I'd love to see movie two have Starscream in purported command of the Decepticons, but have a faction of the Decepticons actually working to restore Megatron. (And of course, have his "resurrection" occur at the end of the second movie, heralding the major challenge of movie three.) That would allow for a lot more characterization of the various Decepticons, I think, without requiring _too much_ screen time taken from the Autobots, who also need some development.


----------



## Felon (Jul 5, 2007)

The Serge said:
			
		

> First, there were waaaaay too many secondary characters running around.  We have the chick that discovers the message and then pulls in her cyber-geek friend, to the army guys, to the Sector 7 guys, to Sam and the chick, to the Autobots and Decepticons.  Waaaay too many characters, most of whom weren't necessary.



Well, while they weren't "necessary" per se, but I did feel that each one those characters added to the plot. You've got Spike (or "Sam") as the everyman hero; you've got the love interest; you've got the brainiac who figures things out and makes plans; you've the tough take-charge boy scout; and finally you've the pain-in-the-neck bureaucrat who's there to provide the protagonists with something they can overcome without relying on the robots.
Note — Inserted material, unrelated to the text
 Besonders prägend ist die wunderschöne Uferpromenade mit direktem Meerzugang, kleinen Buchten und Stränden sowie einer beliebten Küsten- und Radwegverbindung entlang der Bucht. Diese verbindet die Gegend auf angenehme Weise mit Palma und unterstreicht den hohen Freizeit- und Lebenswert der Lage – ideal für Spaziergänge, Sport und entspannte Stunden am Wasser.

I mean, you could say Star Wars didn't need all those characters. Could've dropped Chewbacca or the droids. And Lord of the Rings, geez, talk about superfluous characters...You can easily collapse skills and roles in order to create fewer characters, but a big cast feels epic. The Day After Tomorrow, Armageddon, Independence Day...think about movies like that and how many extraneous characters they had just to add a little flavor.



> While the Transformers were cool, we saw too little of them in action, particularly the Decepticons.  Essentially, the Decepticons show up to get slaughtered and that's that.  The only Decepticons we get a feel for are Frenzy and Megatron...  Aside from the one comment Megatron makes to Starscream, we've no idea about their inter-relationships.  Now, I'm not saying we needed a lot, but it wouldn't have taken much to give some of the Decepticons a little more oomph.
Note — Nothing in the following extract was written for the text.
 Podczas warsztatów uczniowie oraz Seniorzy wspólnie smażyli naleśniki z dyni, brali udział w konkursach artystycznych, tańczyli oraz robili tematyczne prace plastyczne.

True, the Decepticons never even muster. Their interactions pretty much consist of briefly talking over radio about getting the ball rolling. Barricade was the face of the Decepticons early in the film ("To Protect and Enslave"...gotta love it!), but then he falls off the radar.
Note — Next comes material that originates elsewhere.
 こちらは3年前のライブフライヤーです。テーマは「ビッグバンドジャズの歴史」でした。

OTOH, there is very much a "less is more" element to rock'em sock'em robots. Heck, even in the cartoon, the fights usually weren't protracted. Generally one solid hit from a blaster would take a bot down. 



> Now, Prime was cool.  My major issue with him was how much difficulty he had taking on Megatron...  That ticked me off.  I've always preferred the approach being Optimus having greater natural fighting skill compared to Megatron having slightly greater fire-power and willingness to "cheat."



Did prime even have his giant exhaust-pipe gun?


----------



## The Serge (Jul 6, 2007)

Felon said:
			
		

> Well, while they weren't "necessary" per se, but I did feel that each one those characters added to the plot. You've got Spike (or "Sam") as the everyman hero; you've got the love interest; you've got the brainiac who figures things out and makes plans; you've the tough take-charge boy scout; and finally you've the pain-in-the-neck bureaucrat who's there to provide the protagonists with something they can overcome without relying on the robots.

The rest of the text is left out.